There are two ways to address these issues that Rao proposes; firstly, edit CEDAW and the other minimal human rights documentation to cater toward and address issues of domestic violence like marital rape (Rao, 522). This suggestion is flawed because reinterpretation is not an acceptable sole solution as precautions will not be thorough enough (Rao, 522). Second, a state’s resources should be devoted more to the private sphere where the most significant violence against women occurs (Rao, 522). This is not simply the fight of local advocacy groups and human rights organizations, this needs to be an internationally recognized atrocity because “international debate and formal recognition of rights violations in the private sphere would make a tremendous difference” (Rao, 523). Without international funding and consensus, resources will remain in short supply, and the responsibility will fall on local groups. The international community and each state must take action to protect all their citizens and see women as part of humanity (MacKinnon, 539). “The international silence” surrounding this issue does not match the demand for protection and reform fought for across the world (Rao, 521). Considering that Rao asked why these demands have not yet been addressed twenty-nine years ago, the hope in our society for respect and equal treatment of women is even more disheartening. Global society must recognize women as part of humanity and implement explicit human rights doctrine that prevents sexual violence against women and LGBTQ+ people because it is morally wrong and disgusting to dehumanize our fellow humans through sexual violence.
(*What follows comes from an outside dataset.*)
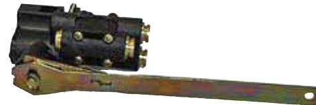
NGHCV DUMP (neutral position)

How many more college campus rapes, domestic violence cases, and systemic child sexual abuse stories will it take for the international human rights community to act against this crisis? 

Work Cited  

Hayden, Patrick, and MacKinnon, Catherine A. “43 Rape, Genocide, and Women’s Human Rights” The Philosophy of Human Rights, Paragon House, St. Paul, MN, 2001, pp. 505-523. 

Hayden, Patrick, and Cranston, Maurice. “17 Human Rights, Real and Supposed.” The Philosophy of Human Rights, Paragon House, St. Paul, MN, 2001, pp. 163–173.  

Hayden, Patrick, and Rao, Arati. “42 Right in the Home: Feminist Theoretical Perspectives on International Human Rights.” The Philosophy of Human Rights, Paragon House, St. Paul, MN, 2001, pp. 505-523.